Establishment of sampling sites for JR. We used the same methodology used for VGR to establish fixed and variable sampling sites for JR, with the differences described below. The GE ruler tool line generated 18,888 waypoints and a perimeter of 101.2 km. After the exclusion of sampling sites in front of countryside houses, in the urban area and in security area of the dam, 128 sampling sites remained, representing 63% of the initial number.
We chose to use stratified sampling to establish fixed sampling sites in JR, in contrast with the method adopted in VGR, because the exclusion of many sampling sites prevented the use of systematic sampling. For variable sampling sites, we carried out a new drawing for each sampling trip with replacement of sampling sites that were already sampled because of their limited number.
Capturing fish. We used 180 gillnets per sampling trip; 90 at the fixed sampling sites and 90 at the variable sampling sites. At each sampling site, we installed a set of 10 gillnets (each 20-m long and approximately 1.7-m high) with stretched mesh from 3 to 16 cm in the following order: 3, 8, 4, 10, 5, 12, 6, 14, 7 and 16. We installed the set of gillnets in the littoral zone of the reservoirs, parallel to the shore, late in the afternoon and removed it the next morning.
At VGR, we used a fishing effort of 76,775.4 m^{2} at the fixed sampling sites and 77,470.2 m^{2} at the variable sampling sites. At JR, the fishing effort was 55,427.3 m^{2} at the fixed sampling sites and 57,430.7 m^{2} at the variable sampling sites. The differences in fishing effort between fixed and variable points were caused by the loss of nets.
For each captured curimba, we recorded the sampling site and mesh size of the gillnet. We fixed the specimens in 10% formaldehyde and, in the laboratory, determined standard length (SL, cm), body weight (BW, g) and sex macroscopically after dissection. We deposited the voucher specimens in the fish collection of the Universidade Federal de Minas Gerais under the numbers ICT-UFMG 2897 (VGR) and ICT-UFMG 2896 (JR).

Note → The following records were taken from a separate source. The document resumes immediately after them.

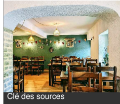
Clé des sources

4 Route De Bligny 21360 LUSIGNY-SUR- OUCHE Tél : 03 45 46 25 59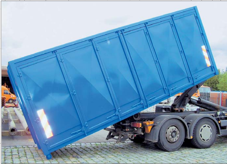
Conteneur de transport sur le crochet d'un camion lors du chargement.

permis. Suite à une utilisation lors d'une crue, le système devait être parfaitement réutilisable.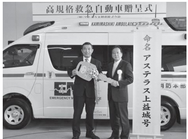
▲福島室長（左）から奥名管理者に目録を贈呈

Metrics and analyses. For each reservoir, we analyzed the influence of the sampling design on eight metrics: catch per unit effort (CPUE), catch constancy (C), SL, SL-capture distance relationship, Fulton condition factor (K), weight-length relationship, sex ratio and proportion of individuals of each sex. We performed 70 analyses of these metrics (35 per reservoir), comparing the results obtained by the two sampling designs.

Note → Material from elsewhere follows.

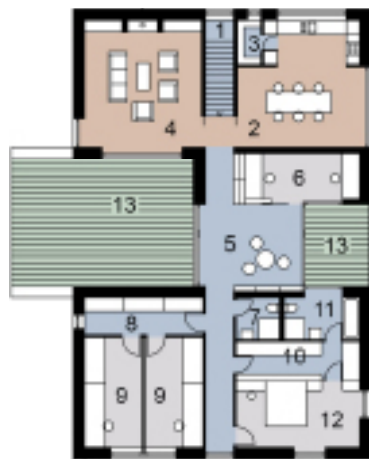
Půdorys 2. podlaží

1 – vstup, 2 – garáž, 3 – šatna, 4 – sauna s koupelnou, 5 – pokoj pro hosty, pracovna, 6 – samostatný byt pro maminku

We calculated catch per unit effort (CPUE) according to ^{Gulland (1969}) as modified by ^{Alves et al. (1998}), dividing the number of captured curimba by the fishing effort (in 1,000 m^{2}) for each mesh size and summed the quotient of all meshes. We calculated the CPUE for sampling design, as well as per reservoir zone, sex and sampling trip separately for each sampling design. We determined the influence of sampling design, reservoir zone and sex on CPUE using the effect size for χ^{ 2 } according to ^{Cohen (1988}). Thus, we used g effect size to determine the influence of sampling design alone and w effect size to determine the influence of sampling design associated with reservoir zone and sex.
We determined C per sampling design according to ^{Dajoz (1978}), and classified curimba as: (I) constant, when present in more than 50% of the sampling trips; (II) accessory, when present in between 25 and 50% of the sampling trips; and (iii) rare, when in less than 25% of the sampling trips.

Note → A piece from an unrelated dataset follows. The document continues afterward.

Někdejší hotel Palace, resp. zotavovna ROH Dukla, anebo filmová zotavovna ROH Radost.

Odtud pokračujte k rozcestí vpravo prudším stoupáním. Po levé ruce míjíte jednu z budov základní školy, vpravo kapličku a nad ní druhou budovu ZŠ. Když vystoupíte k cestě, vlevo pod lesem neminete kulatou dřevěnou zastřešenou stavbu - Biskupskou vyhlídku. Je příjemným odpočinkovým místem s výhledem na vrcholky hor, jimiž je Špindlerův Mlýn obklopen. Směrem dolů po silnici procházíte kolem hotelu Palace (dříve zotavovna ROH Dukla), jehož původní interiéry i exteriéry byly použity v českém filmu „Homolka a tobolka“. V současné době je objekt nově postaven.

We established the frequency distribution of curimba by SL class, with the number of classes being determined according to ^{Sturges (1926}). We tested for differences in the frequency distribution of curimba by SL class between sampling designs with the Kolmogorov-Smirnov test. We determined the influence of sampling design, sex and their interaction on SL using the effect size with a two-way ANOVA (f), also according to ^{Cohen (1988}).
Using the GE ruler tool, we measured the capture distance (i.e., the distance from the dam to the sampling site where the fish was captured) for each curimba by tracing a line from the dam to the sampling site, passing through the center of the reservoir. We determined the regression between SL and capture distance for each sampling design separately and tested for differences between regressions using ANCOVA.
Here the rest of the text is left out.